Robert, you're clearly a smart guy, but respectfully, get a consultant with prior domain knowledge, or begin building something small now and see where it takes you. There is no way to answer your post; it has too many abstract concepts and no hard numbers.
A few thoughts:
will serve several thousand users at
first ... grow to support hundreds of
thousands to millions of users
Prove that you need that level of scale first. Don't build a scale-out architecture in anticipation of users that never show up. Sorry if I sound harsh, but 99% of all websites don't grow to the large end of the scale. See Stack Overflow / Server Fault; they're serving a million users monthly from a handful of fairly conventional servers.
should I get a hardware load balancer
solution from one of the vendors, or
build one myself with open source
solution
Depends on your skills and your situation regarding time vs money.
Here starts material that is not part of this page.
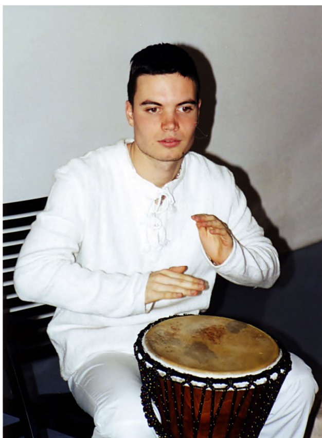
Tine v času duhovnega učenja in v prvih začetkih duhovnega služenja (1999)

Seveda sem hitro ugotovila, da je zelo naporno biti večkratni medij : prevajati kozmične zdravilne energije , biti hkrati tudi medij za zvočno prevajanje in spontano muzicirati, pa istočasno prejemati tudi informacije o tem, kakšne probleme imajo ljudje, ter »loviti« napotke , kaj naj napravijo, da se znebijo težav; pa še pisati in risati hkrati – ej, to niti malo ni več lahko! Zahteva namreč popolno pozornost in tudi fizično moč. Energijski tok skozi telo je silen, kolikor telo pač zmore prenesti, in prav utruji. Kot bi močan električni tok tekel skozte. Obliva te pot, muči te svojevrstna slabost. A telo je tudi prilagodljivo in se sčasoma privadi na nenavadne izventelesne tokove. Ja, res. Sedaj me slabost oblije šele, ko delam na več sto ljudeh hkrati. Očitno moja zavest in telo zmoreta. Kdo ve, koliko časa še? No, po opravljeni kirurgiji si še vso noč buden, kirurgija pa se nadaljuje vse dokler ni opravljeno vse, kar je potrebno. Za vse, ki so zaprosili za pomoč. Prevajanje potrebnih energij se mi vklaplja tudi tekom dneva ali ponoči, pa zvočne vibracije me obiščejo, raznovrstna sporočila in besede – najraje v verzih . Zgodí se tudi vódeni gib, slikovno videnje in celovito za-vedanje . Tovrstno hkratno dogajanje bi najlaže opisala kot močno nuklearno izgorevanje . Po kirurgiji sem običajno še dolgo omotična in zatem obvezno potrebujem počitek, kajti zavest in telo še dolgo po srečanju z ljudmi opravljata svojo kirurško vlogo, včasih vso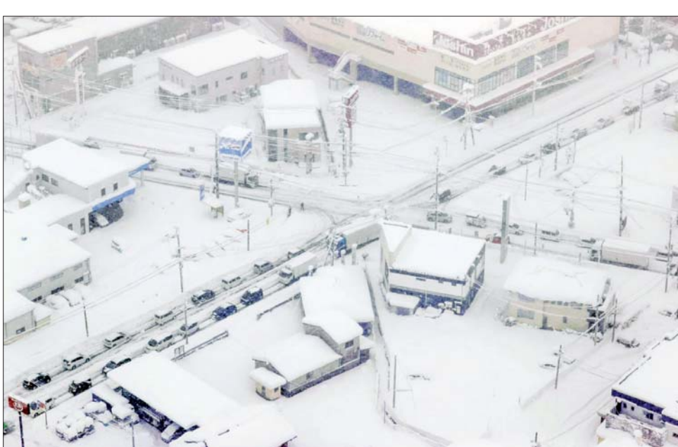
၂၀၂၁ ခုနှစ် ဆီးနှင်းများ ကျဆင်းမှုကြောင့် ကားတန်းရှည်ကြီးဖြစ်နေသည်ကို တွေ့ရစဉ်။

ယခုလို ပုံစံဖြစ်ခြင်းဖြစ်သည်။ ယင်းဖြစ်ရပ်ကြောင့် ကမ္ဘာ့အန္တရ် ရာသီဥတုကို သက်ရောက်နိုင်ခြေရှိ သည်ဟု ယူဆရသည်။ လာနီညာ ဖြစ်ပေါ်လာရသည့် အခါ ဂျပန်နိုင်ငံ၏ ရာသီဥတုမှာ ပုံမှန်ထက်ပို၍ အေးလာပြီး ဂျပန်ပင်လယ် ကမ်းရိုးတန်း တစ်လျှောက် ဆီးနှင်းများ ထူထပ်စွာ ကျဆင်းလာနိုင် သည်။ ဆီးနှင်းများ စံချိန်တင်ကျဆင်း ၂၀၂၁ ခုနှစ် နှစ်ကုန်ပိုင်းတွင် ပင်လယ် ကမ်းရိုးတန်းဒေသ၌ ဆီးနှင်းများ စံချိန်တင် ကျဆင်း ခဲ့ကာ အနောက်ပိုင်း ရှိဂါခရိုင်၌ ဆီးနှင်းများကြောင့် ကားများ လမ်းပိတ်ခဲ့ပြီး နှစ်ကီလိုမီတာ

Once built, the open source and commercial offerings work pretty much exactly the same. Commercial solutions tend to have better statistics and nicer management interfaces out of the box.
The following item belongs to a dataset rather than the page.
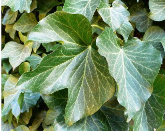
Hedera helix - Efeu

Der Efeu ist ein immergrüner, kriechender oder kletternder Strauch unserer Breiten, der zur Familie der Araliaceae gehört.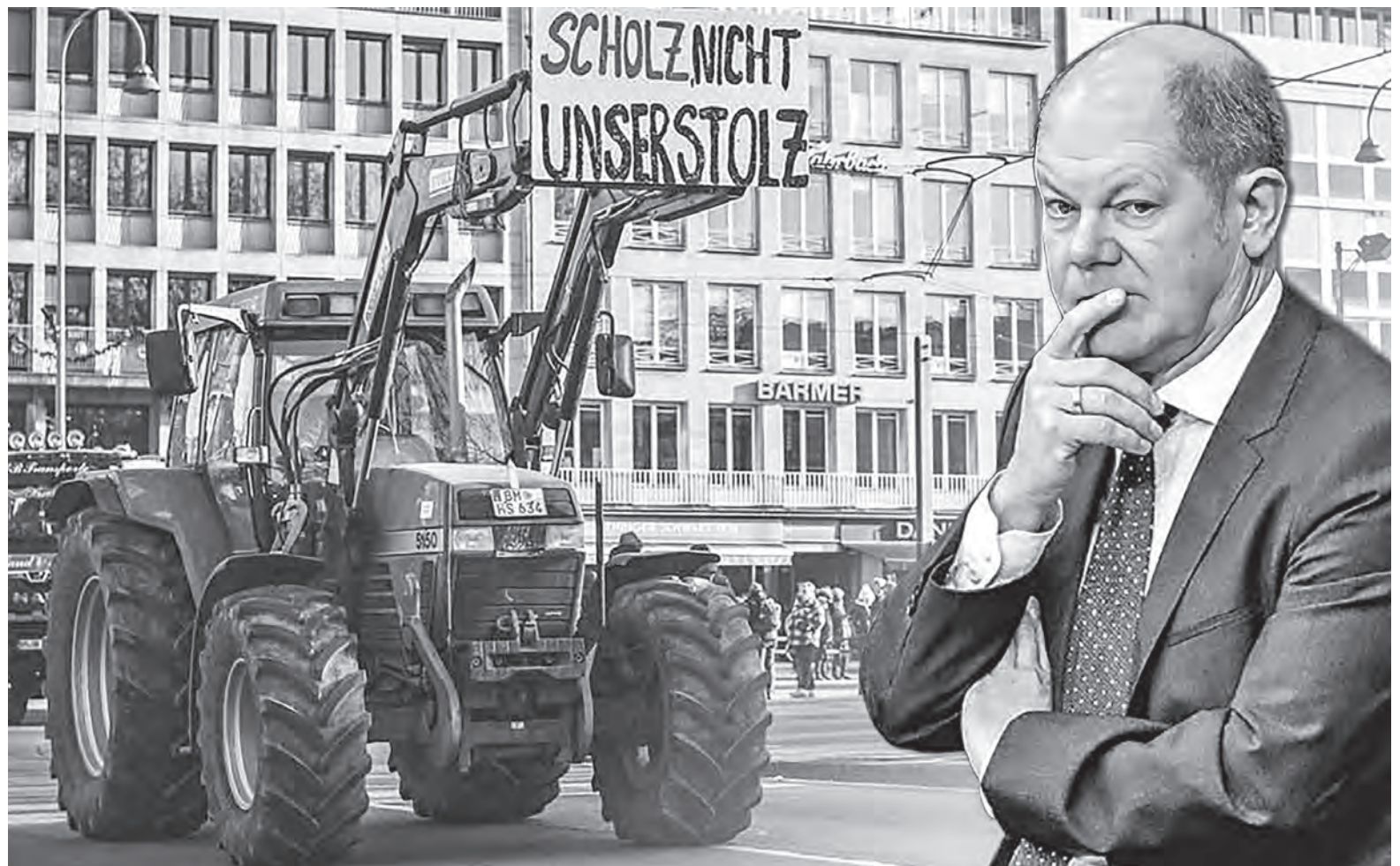
Фамилия Шольц созвучна в немецком языке со словом «гордость». Один из протестующих фермеров указал, что это совсем не одно и то же.

For the web server hardware, should I
use one-u single socket server or a
blade solution?
Ask your server vendor for prices. Ask your datacenter about power density, i.e. their preferred balance between size and power consumption -- often you'll be power limited, so a dense solution like blades may not win you anything.
For the storage, should I use a SAN or
storage server like Sun unified
storage 7000 will be sufficient.
Get SAN when you have a proven need for SAN; then you will also better understand what needs your SAN should solve for you.
Since this website will likely be more
heavy on read operations, what
consideration should be made for the
mysql cluster and storage setup?
Create a really good caching solution. Either full page caching like Squid (Varnish), or application data caching like Memcached, or a combination of both. Consider cache invalidation, could you need to quickly purge content from your caches to avoid it being served again?
What is the best way to back up up a
mysql cluster?
Opinions vary, but one common approach is to have a dedicated slave MySQL just for backups, and use something like InnoBackup or Maatkit for a self-scripted backup solution.
Edit: If you're really going to build this from scratch now, then please take a good look at cloud computing before committing. Cloud computing isn't just about scalability, even if scalability is a great strenght. Certain services that come as part of the package can really help in making day to day operations easier. Some examples:
- Live snapshots of Amazon EBS volumes make for easy database backups.
- Amazon has load balancing as a set and forget service (of course more feature limited than good self-hosted load balancer, but easy to get started with).
- Rightscale has extensive server monitoring built into their images, which makes for easy capacity planning / application introspection.
Best Answer
Facebook is using cassandra for data storage.
Here is article about scaling youtube and google architecture and prestentation: Designs, Lessons and Advice from Building Large Distributed Systems by Jeff Dean of Google describing how they do their thing.